Property-based testing
Suppose a function \(f(x)\) has a property that \(f(x) > 0\) for
all \(x\). A property-based test would verify that f(x)
— the
code implementation of \(f(x)\) — returns positive output for
multiple values of \(x\). The hypothesis package simplifies
property-based testing for Python.
Best practices
The following list contains suggested practices for testing scientific software and making tests easier to run and maintain. ✅ These guidelines are not rigid, and should be treated as general principles should be balanced with each other rather than absolute principles.
Run tests frequently for continual feedback. If we edit a single section of code and discover a new test failure, then we know that the problem is related to that section of code. If we edit numerous sections of code before running tests, then we will have a much harder time isolating the section of code causing problems.
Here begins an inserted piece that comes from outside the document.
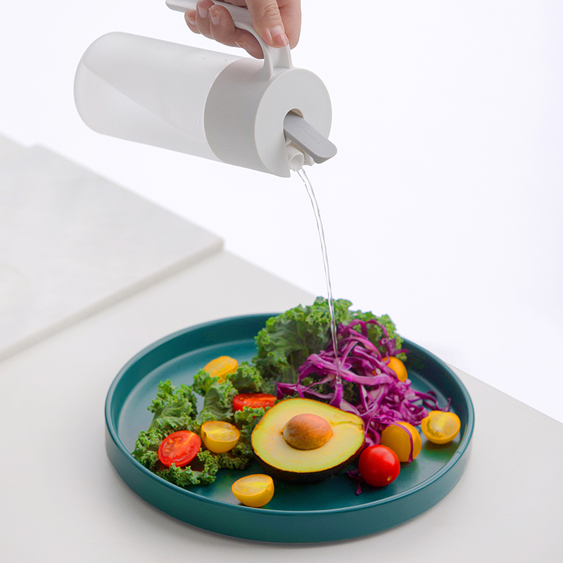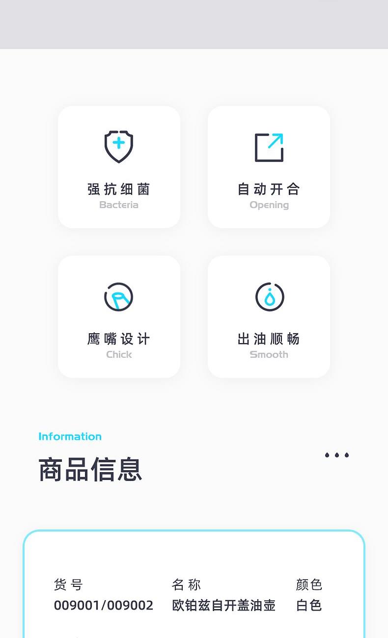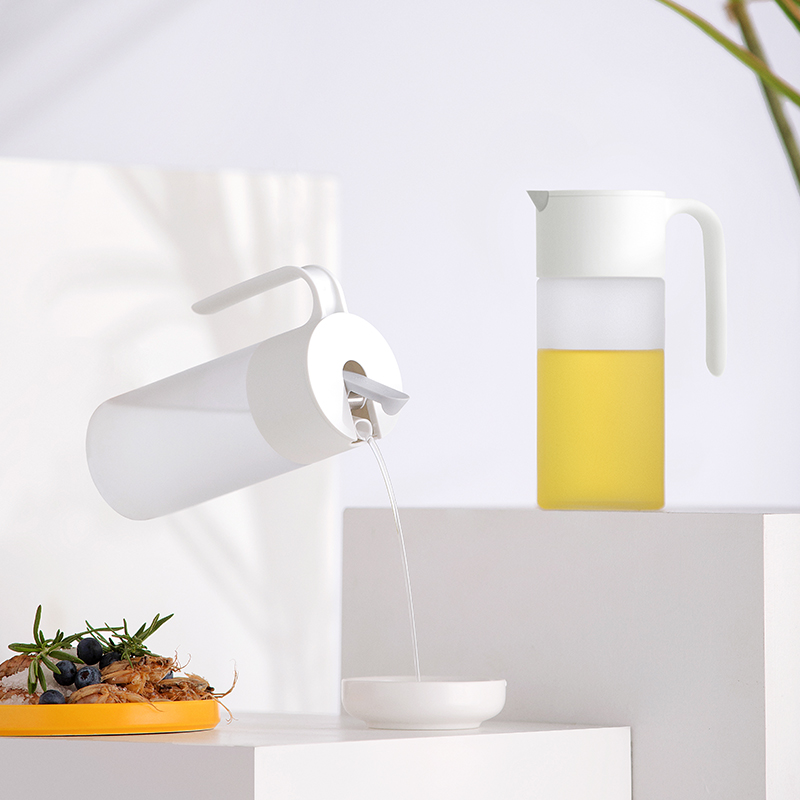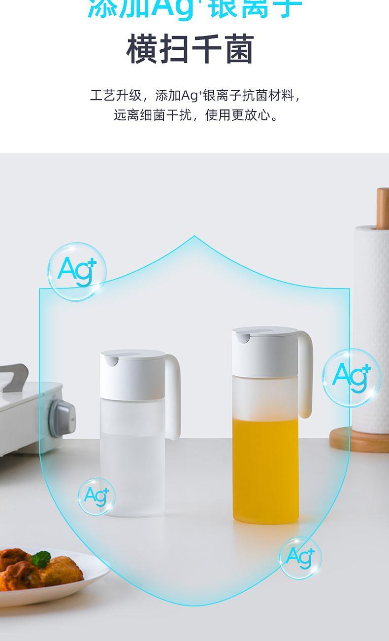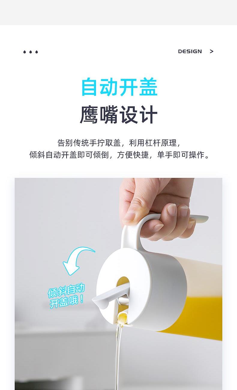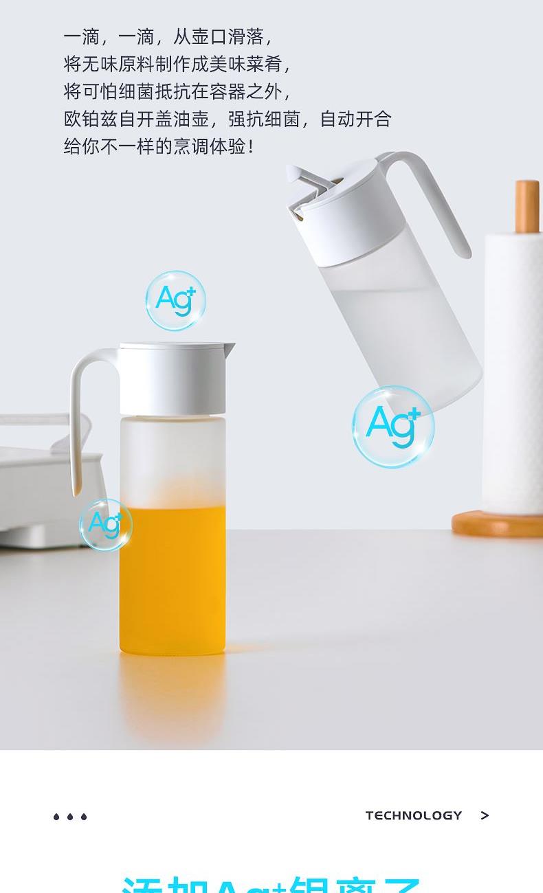产品货号:009001 产品尺寸:10.2*10.2*21.6CM 产品容量:550ml 产品材质:soda-lime glass,PP,PS,Silicone,stainless steel 产品克重:435.5g 外箱尺寸:49.5*30*45.5CM 包装方式:1 PC/COLOR BOX 产品颜色:白色 自动开合,单手可操作 钠钙玻璃瓶身,磨砂手感工艺 鹰嘴油口,不滴不漏 硅胶密封圈,有效防漏 可拆卸设计,清洗容易

Turn bugs into test cases [Wilson et al., 2014]. It is said that “every every bug exists because of a missing test” [Bernstein, 2015]. After finding a bug, write a minimal failing test that reproduces that bug. Then fix the bug to get the test to pass. Keeping the new test in the test suite will prevent the same bug from being introduced again. Because bugs tend to be clustered around each other, consider adding tests related to the functionality affected by the bug.
Make tests fast. Tests are most valuable when they provide immediate feedback. A test suite that takes a long time to run increases the probability that we will lose track of what we are doing and slows down progress.
Tip
Decorate tests with
@pytest.mark.slow
if they take \(≳ 0.3\) seconds.@pytest.mark.slow def test_calculate_all_primes() -> None: calculate_all_primes()
Write tests that are easy to understand and change. To fully understand a test failure or modify existing functionality, a contributor will need to understand both the code being tested and the code that is doing the testing. Test code that is difficult to understand makes it harder to fix bugs, especially if the error message is missing or hard to understand, or if the bug is in the test itself. When test code is difficult to change, it is harder to change the corresponding production code. Test code should therefore be kept as high quality as production code.
Write code that is easy to test. Write short functions that do exactly one thing with no side effects. Break up long functions into multiple functions that are smaller and more focused. Use pure functions rather than functions that change the underlying state of the system or depend on non-local variables. Use test-driven development and write tests before writing the code to be tested. When a section of code is difficult to test, consider refactoring it to make it easier to test.
Separate easy-to-test code from hard-to-test code. Some functionality is inherently hard to test, such as graphical user interfaces. Often the hard-to-test behavior depends on particular functionality that is easy to test, such as function calls that return a well-determined value. Separating the hard-to-test code from the easy-to-test code maximizes the amount of code that can be tested thoroughly and isolates the code that must be tested manually. This strategy is known as the Humble Object pattern.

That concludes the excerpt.